Defendiendo nuestra fe

LA PROCLAMACIÓN DEL DOGMA
DE LA ASUNCIÓN SANTÍSIMA VIRGEN
Relatado por el R. P. Antonio Royo Marín O. P

   
Proclamación del Dogma de la Asunción de la Santísima Virgen
S, S. Pío XII

Como es sabido, el inmortal pontífice Pío XII, el día 1 de noviembre de 1950, en el atrio exterior de la Basílica Vaticana, rodeado de 36 cardenales, 555 patriarcas, arzobispos y obispos, de gran número de dignatarios eclesiásticos y de una muchedumbre enardecida de entusiasmo que no bajaba del millón de personas, definió solemnemente, con su suprema autoridad apostólica, el dogma de la Asunción de María en cuerpo y alma al cielo. He aquí las palabras mismas de la augusta definición:

   "Después de elevar a Dios muchas y reiteradas preces y de invocar la luz del Espíritu de la Verdad, para gloria de Dios omnipotente, que otorgó a la Virgen María su peculiar benevolencia; para, honor de su Hijo, Rey inmortal de los siglos y vencedor del pecado y de la muerte; para aumentar la gloria de la misma augusta Madre y para gozo y alegría de toda la Iglesia, con la autoridad de nuestro Señor Jesucristo, de los bienaventurados apóstoles Pedro y Pablo y con la nuestra, PRONUNCIAMOS, DECLARAMOS y DEFINIMOS SER DOGMA DIVINAMENTE REVELADO QUE LA INMACULADA MADRE DE DIOS, SIEMPRE VIRGEN MARÍA, TERMINADO EL CURSO DE SU VIDA TERRENA FUE ASUNTA EN CUERPO y ALMA A LA GLORIA CELESTIAL."

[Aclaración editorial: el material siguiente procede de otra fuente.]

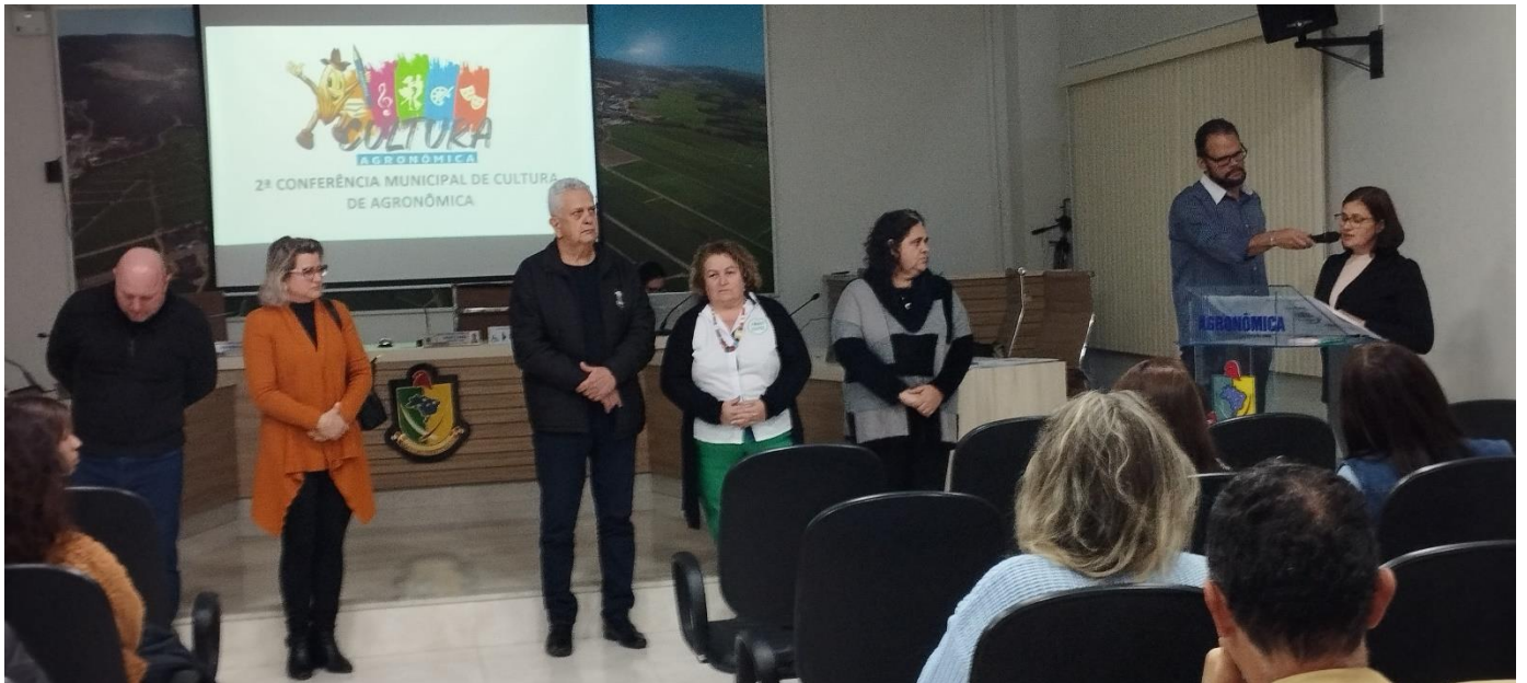
-Presidenta donselho Municipal de Cultura

   Un rugido de entusiasmo se levantó de la enorme muchedumbre al oír las palabras del Papa, temblorosas de infalibilidad. Las campanas de toda la cristiandad fueron lanzadas al vuelo en señal de júbilo, y los miles y millones de espectadores que presenciaron en las cinco partes del mundo la emocionante proclamación dogmática a través de la televisión o la oyeron a través de todas las emisoras de radio del mundo católico, unieron su emoción y su alegría al delirante entusiasmo que invadió el alma de los que tuvieron la suerte de presenciar aquella inolvidable escena en la plaza de San Pedro o en la prolongada Via della Conciliazione, que a ella desemboca desde el Tíber y el castillo de Santángelo.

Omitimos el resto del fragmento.